Resulta pues de lo que precede que la noción de orden se organiza según dos ejes –podríamos decir dos «ordenamientos»- uno horizontal y otro vertical.

Esta noción implica a continuación la idea de un funcionamiento «regular», es decir que obedece a leyes y reglas. Este funcionamiento regular es por definición un funcionamiento «justo», o sea coherente, equilibrado, e igualmente armonioso, y como consecuencia apacible. Así, la idea de «armonía» y la de «paz» están incluidas en la de orden.

Añadiremos que si el orden es auténtico, y no ficticio o incluso impuesto –es decir, en los dos casos, mentiroso- es por naturaleza «bello y bueno». Detengámonos en este asunto unos instantes.

Cuando caracteriza a la naturaleza creada, es decir, al mundo, los Griegos designan a este «bello y buen orden» por el término Cosmos. (Mundus tiene por otra parte el mismo sentido en latín). Es importante precisar al respecto que el «orden cósmico» del que aquí se trata no es en absoluto el orden cosmológico, al que casi siempre el pensamiento contemporáneo se refiere, sea deliberadamente o por irreflexión: por lo que a mí respecta entiendo por esto un orden que sería producido por la naturaleza misma como si ésta poseyera capacidad ordenadora. Conforme a la Tradición, el orden cósmico, es al contrario la naturaleza arreglada y dispuesta en bello y buen orden por un Agente que le és exterior y superior, es decir: Dios Creador.

Ahora bien, «bello y bueno» se dice en hebreo Tov. Tal es precisamente la constatación impregnada de satisfacción, podríamos decir incluso de admiración, que Dios emite ante su obra. Como lo relata el Libro del Génesis en su primer capítulo, en siete ocasiones el Creador constata la «belleza-bondad» de su creación.
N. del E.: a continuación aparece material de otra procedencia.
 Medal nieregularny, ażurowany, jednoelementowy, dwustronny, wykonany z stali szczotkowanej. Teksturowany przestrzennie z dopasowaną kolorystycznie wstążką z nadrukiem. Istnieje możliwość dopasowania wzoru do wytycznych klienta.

Las seis primeras veces, exclama Ki-Tov, literalmente: «¡Qué bello-bueno! (es esto)». Luego, en la séptima, considerando su obra terminada, señala: Tov-Meod, lo que las Biblias francesas traducen por «muy bueno», pero que significa en realidad «bello y bueno supremamente», o quizá mejor «superabundantemente»[7].

No deja de ser interesante observar de pasada que el valor gemátrico de Tov, que es 17, es también el valor de Ieshua, Jesús[8]. Ahora bien, sabemos que la identidad de valor gemátrico de uno o varios términos manifiesta una similitud en profundidad de las realidades que estos términos designan. Así pues, esta Belleza-Bondad que transparenta (en el sentido de «aparecer por transparencia») en el mundo, es el Cristo-Logos subyacente al mundo, simultáneamente en tanto que ordenador del cosmos y en tanto que orden del mismo cosmos. (Pues el Logos –luego volveremos sobre ello- es la Ley de leyes del mundo).
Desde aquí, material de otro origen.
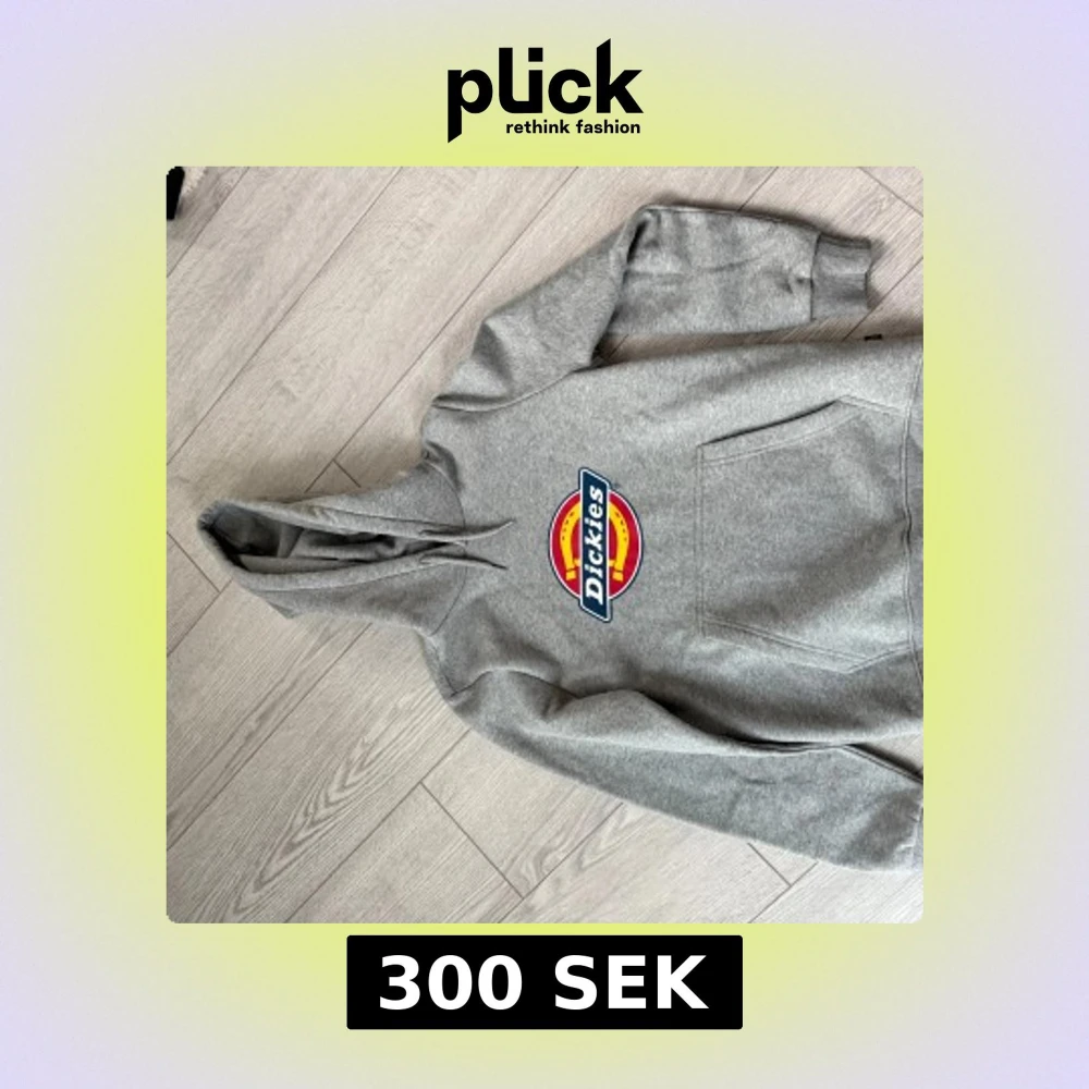 Säljer en grå hoodie från Dickies i storlek small. Tröjan har stor färgglad Dickies-logga på bröstet, huva med dragsko och en klassisk magficka. Tillverkad i mjuk bomullsblandning, perfekt för chill dagar eller streetwear-stil.

No deja tampoco de ser interesante observar, que encontramos un reflejo de esto en el pensamiento antiguo. En la concepción griega, el ideal de hombre al que cada uno se debe esforzar por aproximarse es calificado de kaloskagathos, «bello y bueno», noción idéntica a la que acaba de ser descrita. Resulta de ello que la perfección original del hombre primero es verdaderamente una realidad única, accesible al conocimiento, sea por la revelación (las Escrituras), o por la reflexión (que es también una forma de revelación).
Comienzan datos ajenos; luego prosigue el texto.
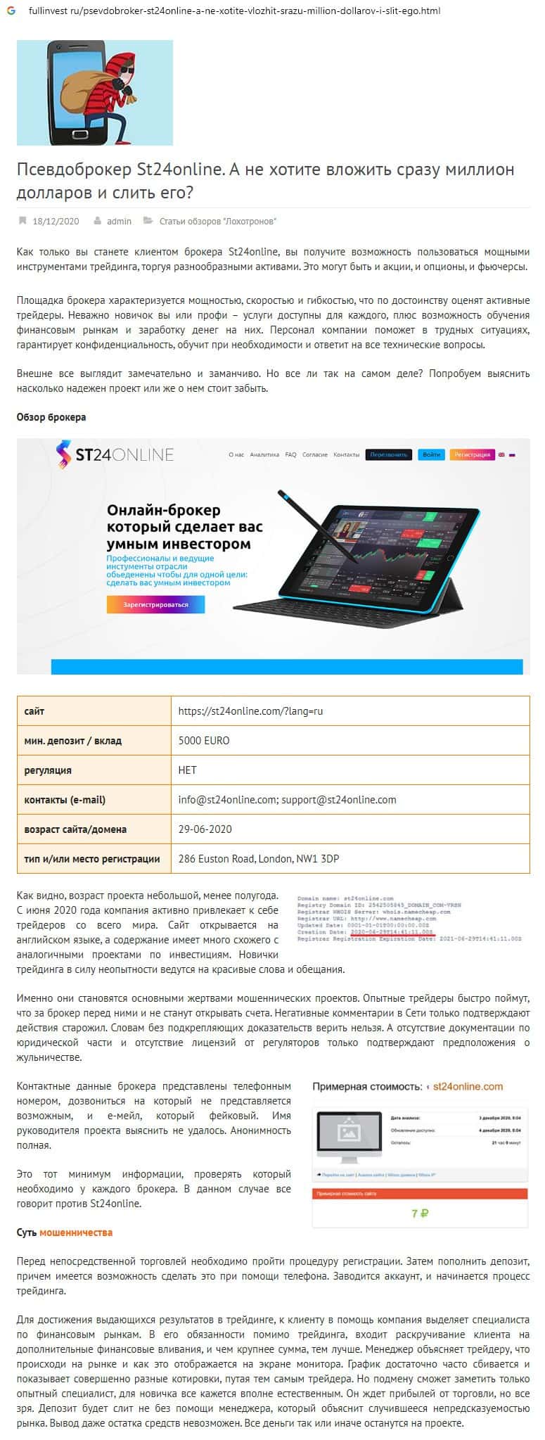 - Информация о псевдо-брокерской организации ST24Online

Para volver a la noción de orden, destaquemos todavía que incluye la idea de un mandamiento (de una «orden») dada por un superior, el cual es de algún modo la encarnación de la ley o la regla.

Finalmente, y éste no es el menor de sus aspectos, esta noción lleva de una manera general a lo sagrado, aspecto que, en modo eclesial, encuentra su declinación en el «sacramento del orden», el cual es indispensable mencionar, sin hacer tampoco mayores desarrollos que no son objeto del presente estudio. Sin embargo podemos recordar la denominación Alta y Santa Orden, mencionada al principio.

Todo esto pone en evidencia que la noción de orden, y así pues de la Orden, se relaciona con la acción del Creador en el Universo, Aquel que los Masones denominan el Gran Arquitecto del Universo por la precisa razón, que en el ámbito que les és propio, contemplan al Dios Creador y no, por ejemplo, al Dios Redentor, relacionando solamente su actividad particular a su acción creadora. Es de ésta última que resulta la orden de creación, este «bello y buen orden» siendo producida por Aquel del cual provienen toda belleza y toda bondad.

Ahora bien, el Creador, es el Verbo divino, el Logos, fundamento y principio de todos los principios, de todas las leyes y de todas las relaciones entre las cosas y los seres. El Orden –y todo lo que les es relacionado- es la marca y el sello del Verbo Creador.

Aquí, se impone una precisión. La acción del Verbo es inseparable a la del Padre y a la del Espíritu Santo. Pero siendo inseparable, ella es distinta. El Padre es Fuente de todo, y actúa por el Verbo y por el Espíritu; el Verbo construye; el Espíritu vivifica y Él santifica. Como ya he señalado en multitud de ocasiones, la Masonería es del ámbito de la acción del Verbo, no es ámbito de la acción del Espíritu, siendo éste ámbito, en primer lugar, la Iglesia.

Es la razón por la que los juramentos masónicos son tomados, y no pueden ser tomados de otra manera, conforme a la tradición, que sobre el Prólogo del Evangelio según san Juan, en el que se proclama teológicamente el Verbo Pre-Eterno, a la vez Verbo Creador y Verbo Encarnado[9].

Desarrollemos este punto. Toda acción en el mundo debe ser conforme al orden divino, ella debe ser ordenada o «en orden» (idea que volvemos a reencontrar en la fórmula «a la orden»). Tal es el estado primero de la regularidad.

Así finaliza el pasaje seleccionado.